I am trying to write a hyperpositional function in haskell.
It is usually written as ackermann(a,b,n) , but for partial use, I think it makes sense to put n first. Therefore i call it hypOp nab
In the form I found in the most natural way, dumps ao replicate lists as follows:
Prelude> replicate 3 5 [5,5,5] Prelude> foldr1 (*) $ replicate 3 5 125
Depending on the argument of the function from the fold, this can be addition, mutual assimilation, exponentiation, tetration, etc.
Informal review:
hypOp 0 a _ = succ a hypOp 1 ab = a + b = foldr1 (succ a) (replicate ba)

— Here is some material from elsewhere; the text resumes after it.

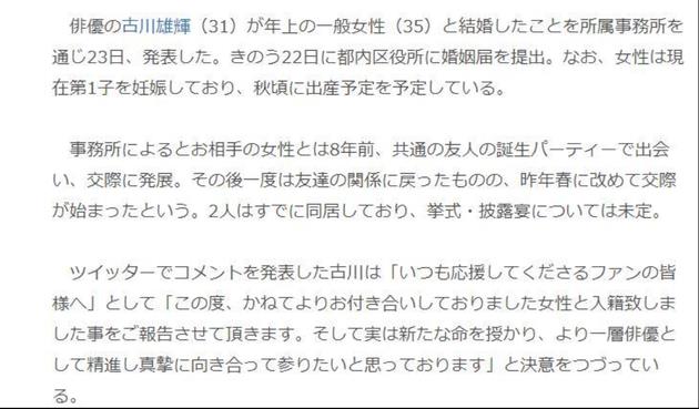 紧随其后的日媒报道中称,6月22日,古川雄辉和圈外女友向区役所提交了结婚申请,目前女方已经怀孕,预产期预计在秋天。而后古川雄辉所在事务所也表示,称两人早在八年前的朋友聚会上面认识后,开始尝试交往的,期间两人恢复过一段时间的朋友关系,但在去年春天又开始了正式的交往。

For associative reasons, I get the impression that I have to use the correct folds, which is unsuccessful, because the rigor available with the left folds ( foldl' ) would be useful.
The problem with the left folds
Prelude> foldl1 (^) $ replicate 4 2 --((2^2)^2)^2 = (4^2)^2 = 16^2 = 256 != 2 tetra 4 256 Prelude> foldr1 (^) $ replicate 4 2 --(2^(2^(2^2))) = 2^16 = 65536 == 2 tetra 4 65536
I get the question “one by one” when I “start” the very beginning with a successor function. so instead of im use (+) as a function for my base crease
Prelude> let add ab = foldr1 (\ab -> succ b) $ replicate ba Prelude> add 5 4 8 Prelude> add 10 5 --always comes out short by one, so i cant build off this 14
The first few n values made by hand:
Prelude> let mul ab = foldr1 (+) $ replicate ba Prelude> let exp ab = foldr1 mul $ replicate ba Prelude> let tetra ab = foldr1 exp $ replicate ba Prelude> let pent ab = foldr1 tetra $ replicate ba Prelude> let sixate ab = foldr1 pent $ replicate ba Prelude> mul 2 3 --2+2+2 6 Prelude> exp 2 3 --2*2*2 8 Prelude> tetra 2 3 --2^(2^2) 16 Prelude> pent 2 3 --2 tetra (2 tetra 2) 65536 Prelude> sixate 2 3 *** Exception: stack overflow
My attempt at formal definitions through the approach described above:
hypOp :: Int -> Int -> Int -> Int hypOp 0 ab = succ a hypOp 1 ab = (+) ab --necessary only bc off-by-one error described above hypOp nab = foldr1 (hypOp $ n-1) (replicate ba)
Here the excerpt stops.